As the answer, give exactly the lines of the records below from the one with "① (A[i] + B[j])를 해시테이블에 key와 개수 변수 cnt로 저장" through the one with "Набор кухонных инструментов", ends included and pictures left out.

** Opening Exercise materials block **

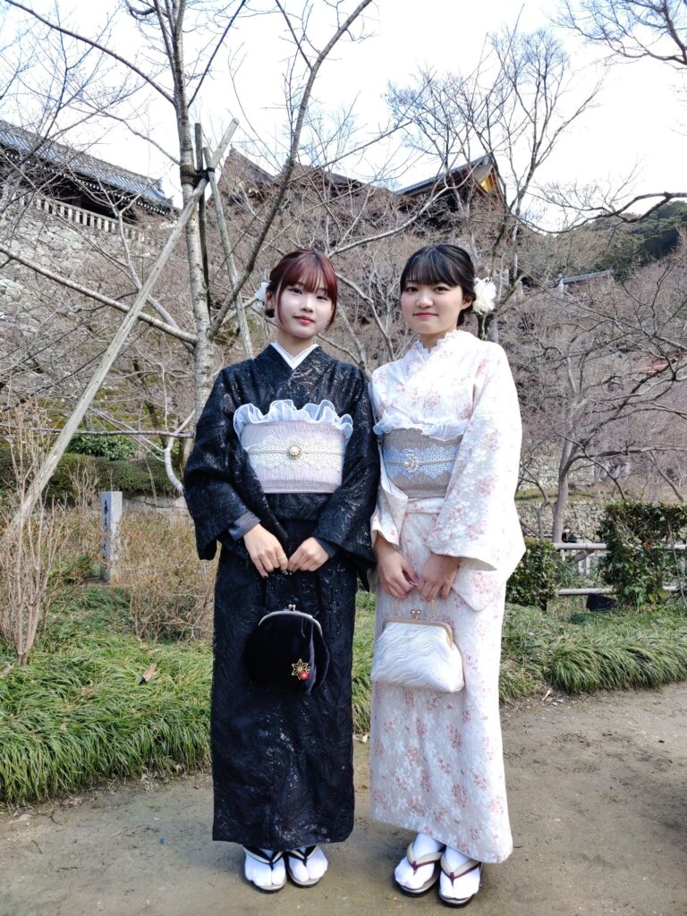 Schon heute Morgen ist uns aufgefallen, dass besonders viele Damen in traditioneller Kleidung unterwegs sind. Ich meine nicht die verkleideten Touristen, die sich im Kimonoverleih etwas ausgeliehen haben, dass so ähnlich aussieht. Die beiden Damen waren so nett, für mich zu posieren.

** Closing Exercise materials block **
** Opening Exercise materials block **

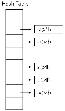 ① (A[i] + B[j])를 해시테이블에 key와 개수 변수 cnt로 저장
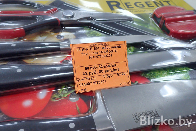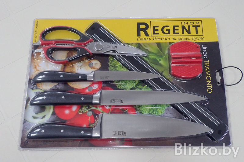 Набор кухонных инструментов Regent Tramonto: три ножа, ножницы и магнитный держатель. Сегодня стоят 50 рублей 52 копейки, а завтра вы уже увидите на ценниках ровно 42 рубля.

** Closing Exercise materials block **

* **Solution**
 ① (A[i] + B[j])를 해시테이블에 key와 개수 변수 cnt로 저장
 Набор кухонных инструментов Regent Tramonto: три ножа, ножницы и магнитный держатель. Сегодня стоят 50 рублей 52 копейки, а завтра вы уже увидите на ценниках ровно 42 рубля.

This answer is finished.